Iridium reborn

iridiumThere’s a great in-depth article in the Iridium satellite network at TG Daily that is worth a read. When I worked in Boston back in 1997, an Iridium executive had come round to pitch the service, and made a compelling case for the technology and wow factor. Two years later it was bankrupt. the business model just wasn’t right for a consumer service:

Analysts speculated back then that Iridium would need about 1 million customers to reach a break even. The estimated cost just to maintain the satellite network was about $540 million per year.

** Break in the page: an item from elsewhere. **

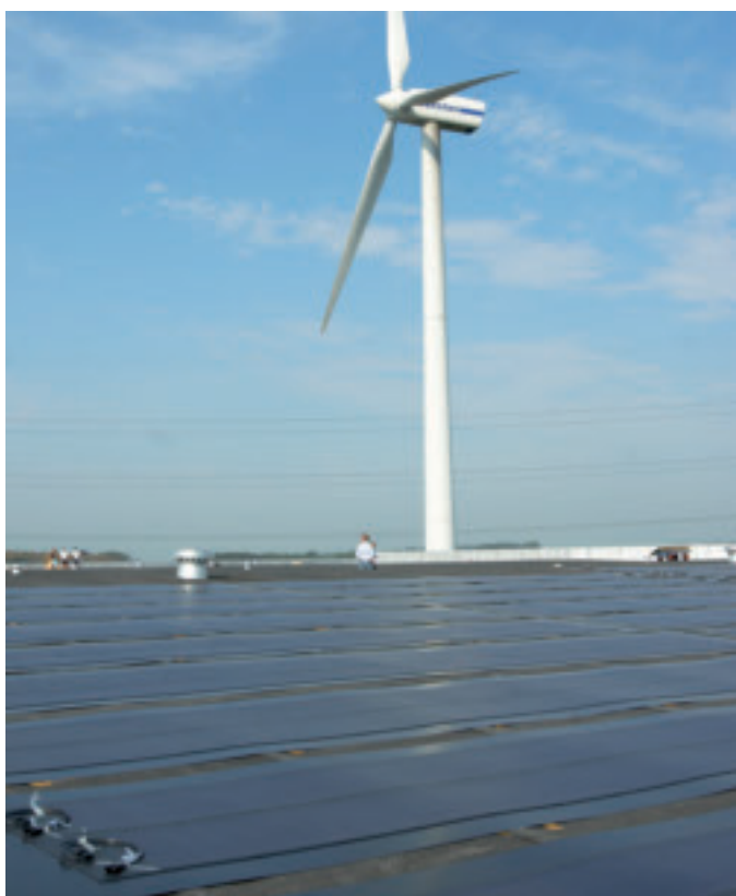
La combinaison de l'éolienne et des panneaux solaires nous permet de disposer d'énergie verte durant 80 % du temps.

Grâce à la complémentarité de l'éolienne et des panneaux solaires, nous disposons durant 80 % du temps d'électricité verte , que nous utilisons directement dans notre centre de distribution. Les panneaux solaires à Halle complètent bien l'éolienne. En hiver , l'éolienne atteint son rendement le plus élevé grâce aux nombreuses heures d'exposition au vent. En été , il y a moins de vent mais davantage de luminosité. De plus, l'angle d'incidence de la lumière sur les panneaux solaires est plus droit, ce qui fournit un meilleur rendement.
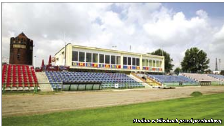
Stadion w Gliwicach przed przebudową

Despite the hype, Iridium saw just a lukewarm feedback from customers: Just 3000 customers subscribed to the service in 1998. By the end of March, the customer base was just 10,300 and by the end of June just about 15,000. Still, especially market research firms fueled the hype around the company: Dataquest, for example, estimated in early 1999 that global satellite phone services would be able to attract about 10 million subscribers by 2003. Consider calling rates between $7 and $10 per minute and handset prices of more than $3000 and you can easily imagine that this was at least a $1 billion per month industry, if Dataquest was right. As we know today, they were wrong.

What was ignored at the time was the fact that Motorola had borrowed lots of money to build Iridium’s satellite network (the final price tag was reportedly more than $5 billion). The staggering cost to build and maintain the network as well as the failure to attract enough customers pushed Iridium’s quarterly losses above the half-a-billion-dollar mark by Q1 1999 and eventually forced the company to file for Chapter 11: Less than a year after the official launch of the service, Iridium defaulted on a $1.5 billion loan in August 1999.

I was under the impression that the network had been dismantled and the satellites abandoned. Instead, it had been bought out for pennies on the dollar and the business model completely revamped to focus on industry and military customers rather than the mobile consumer market. There still is no network quite like it, even though it’s based on technology that’s already decades old.